There is no need to null out object references created in a method. They will get cleared automatically once the method terminates. The exception to this rule is if you're running in a very long method or some massive loop and you need to ensure that some references get cleared before the end of the method. Again, these cases are extremely rare.
I would say that the vast majority of the time you will not need to null out references. Trying to outsmart the garbage collector is useless. You will just end up with inefficient, unreadable code.

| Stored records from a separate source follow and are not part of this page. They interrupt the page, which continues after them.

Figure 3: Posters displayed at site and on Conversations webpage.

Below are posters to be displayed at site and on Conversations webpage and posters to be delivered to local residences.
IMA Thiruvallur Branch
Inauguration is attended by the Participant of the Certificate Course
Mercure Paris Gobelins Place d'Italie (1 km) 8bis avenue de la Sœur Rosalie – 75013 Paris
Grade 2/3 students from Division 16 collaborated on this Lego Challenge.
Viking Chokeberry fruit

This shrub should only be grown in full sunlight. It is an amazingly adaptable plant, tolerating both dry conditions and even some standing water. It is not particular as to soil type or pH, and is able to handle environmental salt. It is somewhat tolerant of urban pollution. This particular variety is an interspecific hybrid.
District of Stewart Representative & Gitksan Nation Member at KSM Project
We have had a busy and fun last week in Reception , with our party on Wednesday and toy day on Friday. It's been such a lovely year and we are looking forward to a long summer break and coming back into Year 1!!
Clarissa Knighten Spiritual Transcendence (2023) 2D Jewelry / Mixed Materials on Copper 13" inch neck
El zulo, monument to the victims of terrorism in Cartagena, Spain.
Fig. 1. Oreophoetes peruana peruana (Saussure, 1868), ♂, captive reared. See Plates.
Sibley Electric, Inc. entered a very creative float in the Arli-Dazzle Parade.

Good article is today's coding horror.
The way GC's work is by looking for objects that do not have any pointers to them, the area of their search is heap/stack and any other spaces they have. So if you set a variable to null, the actual object is now not pointed by anyone, and hence could be GC'd.
But since the GC might not run at that exact instant, you might not actually be buying yourself anything. But if your method is fairly long (in terms of execution time) it might be worth it since you will be increasing your chances of GC collecting that object.
The problem can also be complicated with code optimizations, if you never use the variable after you set it to null, it would be a safe optimization to remove the line that sets the value to null (one less instruction to execute). So you might not actually be getting any improvement.
So in summary, yes it can help, but it will not be deterministic.

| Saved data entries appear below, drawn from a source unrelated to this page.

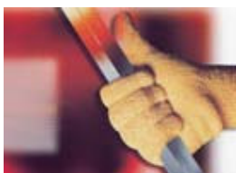
Art No. KY/SPG/11 Terry Kevlar® with cotton liner size : 26 cm
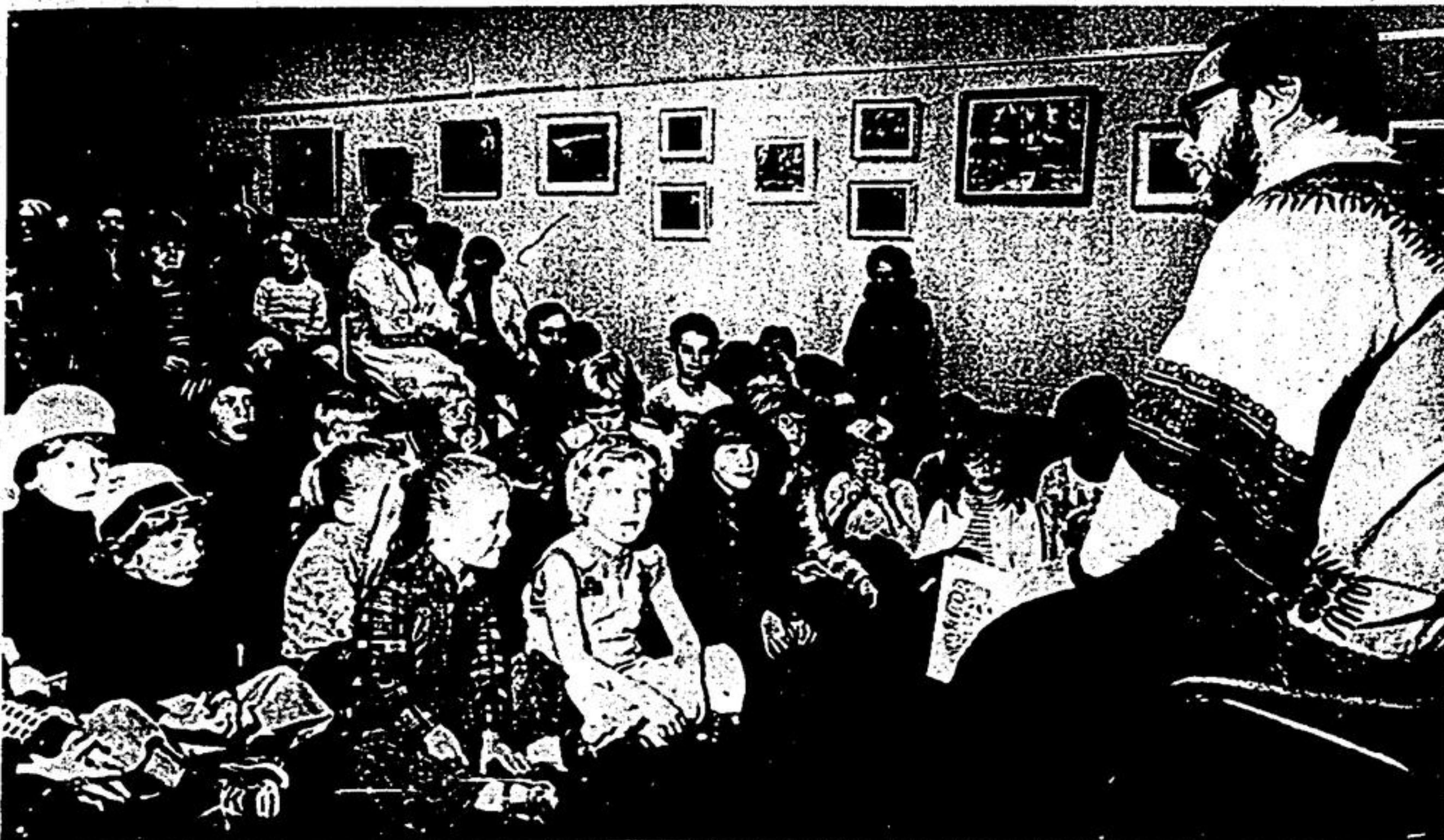
Children were fascinated by the antics of Dennis Lee, the author of Alligator Pie and Garbage Delight . The
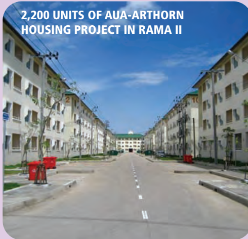
2,200 UNITS OF AUA-ARTHORN HOUSING PROJECT IN RAMA II

Bina Puri Ventures Sdn Bhd was the Management Contractor to construct one (1) unit raw Material Warehouse Building & Emulsion Plant and One (1) unit Raw Material Warehouse (Enamel) together with ancillary buildings and related external works with contract sum of RM16.55 million for the Nippon Paint (Pakistan) (Private) Limited.
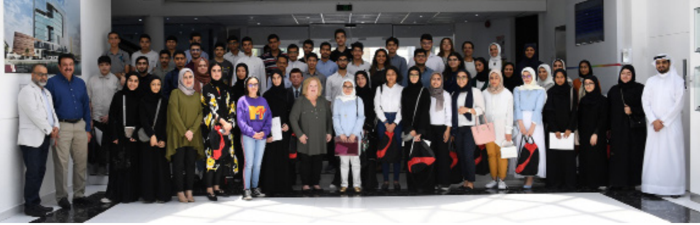
The pre-selected students who reached the final stage of the Candidacy Programme selection process during an induction session
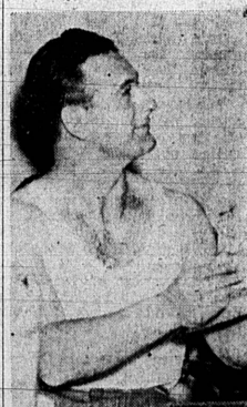
Lou Gehrig, baseball's highest-priced player, is shown receiving instructions from a motion picture director on how to act—act for the movies, that is, not how to behave around first base, where he is an expert.
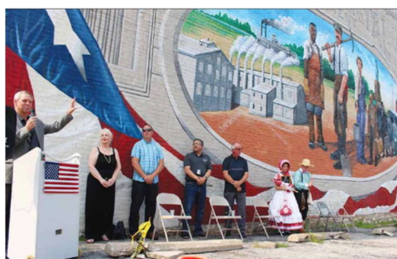
CONTINENTAL CEMENT HERITAGE CELEBRATION
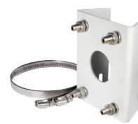
VT-MD/PLMT Mighty Dome / VT-PTZ10 Pole Mount Adapter
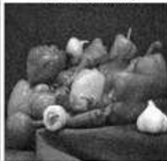
g) Average filtering
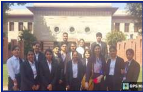
National Gallery of Modern Art 17-February-2024

At least in java, it's not voodoo programming at all. When you create an object in java using something like
Foo bar = new Foo();
you do two things: first, you create a reference to an object, and second, you create the Foo object itself. So long as that reference or another exists, the specific object can't be gc'd. however, when you assign null to that reference...
bar = null ;
and assuming nothing else has a reference to the object, it's freed and available for gc the next time the garbage collector passes by.

It depends.
Generally speaking shorter you keep references to your objects, faster they'll get collected.
If your method takes say 2 seconds to execute and you don't need an object anymore after one second of method execution, it makes sense to clear any references to it. If GC sees that after one second, your object is still referenced, next time it might check it in a minute or so.
Anyway, setting all references to null by default is to me premature optimization and nobody should do it unless in specific rare cases where it measurably decreases memory consuption.

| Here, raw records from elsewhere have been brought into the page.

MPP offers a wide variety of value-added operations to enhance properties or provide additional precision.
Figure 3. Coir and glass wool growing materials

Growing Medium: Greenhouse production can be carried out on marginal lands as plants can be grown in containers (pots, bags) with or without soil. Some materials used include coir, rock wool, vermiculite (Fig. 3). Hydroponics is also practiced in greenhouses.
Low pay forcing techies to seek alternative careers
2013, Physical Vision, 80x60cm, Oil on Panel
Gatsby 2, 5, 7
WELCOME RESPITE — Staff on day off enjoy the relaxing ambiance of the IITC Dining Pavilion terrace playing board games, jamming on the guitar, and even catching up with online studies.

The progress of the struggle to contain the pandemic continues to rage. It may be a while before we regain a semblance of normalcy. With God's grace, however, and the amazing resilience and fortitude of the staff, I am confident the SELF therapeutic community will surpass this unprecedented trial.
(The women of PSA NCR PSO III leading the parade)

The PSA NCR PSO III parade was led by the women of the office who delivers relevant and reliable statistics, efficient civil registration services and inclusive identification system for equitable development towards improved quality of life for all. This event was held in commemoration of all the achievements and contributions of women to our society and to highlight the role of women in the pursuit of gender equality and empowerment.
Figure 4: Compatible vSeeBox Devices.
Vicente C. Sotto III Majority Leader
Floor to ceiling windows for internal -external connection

Explicitly setting a reference to null instead of just letting the variable go out of scope, does not help the garbage collector, unless the object held is very large, where setting it to null as soon as you are done with is a good idea.
Generally setting references to null, mean to the READER of the code that this object is completely done with and should not be concerned about any more.
A similar effect can be achieved by introducing a narrower scope by putting in an extra set of braces
{
int l;
{ // <- here
String bigThing = ....;
l = bigThing.length();
} // <- and here
}
this allows the bigThing to be garbage collected right after leaving the nested braces.

public class JavaMemory {
private final int dataSize = (int) (Runtime.getRuntime().maxMemory() * 0.6);
public void f() {
{
byte[] data = new byte[dataSize];
//data = null;
}
byte[] data2 = new byte[dataSize];
}
public static void main(String[] args) {
JavaMemory jmp = new JavaMemory();
jmp.f();
}
}
Above program throws OutOfMemoryError. If you uncomment data = null;, the OutOfMemoryError is solved. It is always good practice to set the unused variable to null

I was working on a video conferencing application one time and noticed a huge huge huge difference in performance when I took the time to null references as soon as I didn't need the object anymore. This was in 2003-2004 and I can only imagine the GC has gotten even smarter since. In my case I had hundreds of objects coming and going out of scope every second, so I noticed the GC when it kicked in periodically. However after I made it a point to null objects the GC stopped pausing my application.
So it depends on what your doing...

Yes.
From "The Pragmatic Programmer" p.292:
By setting a reference to NULL you reduce the number of pointers to the object by one ... (which will allow the garbage collector to remove it)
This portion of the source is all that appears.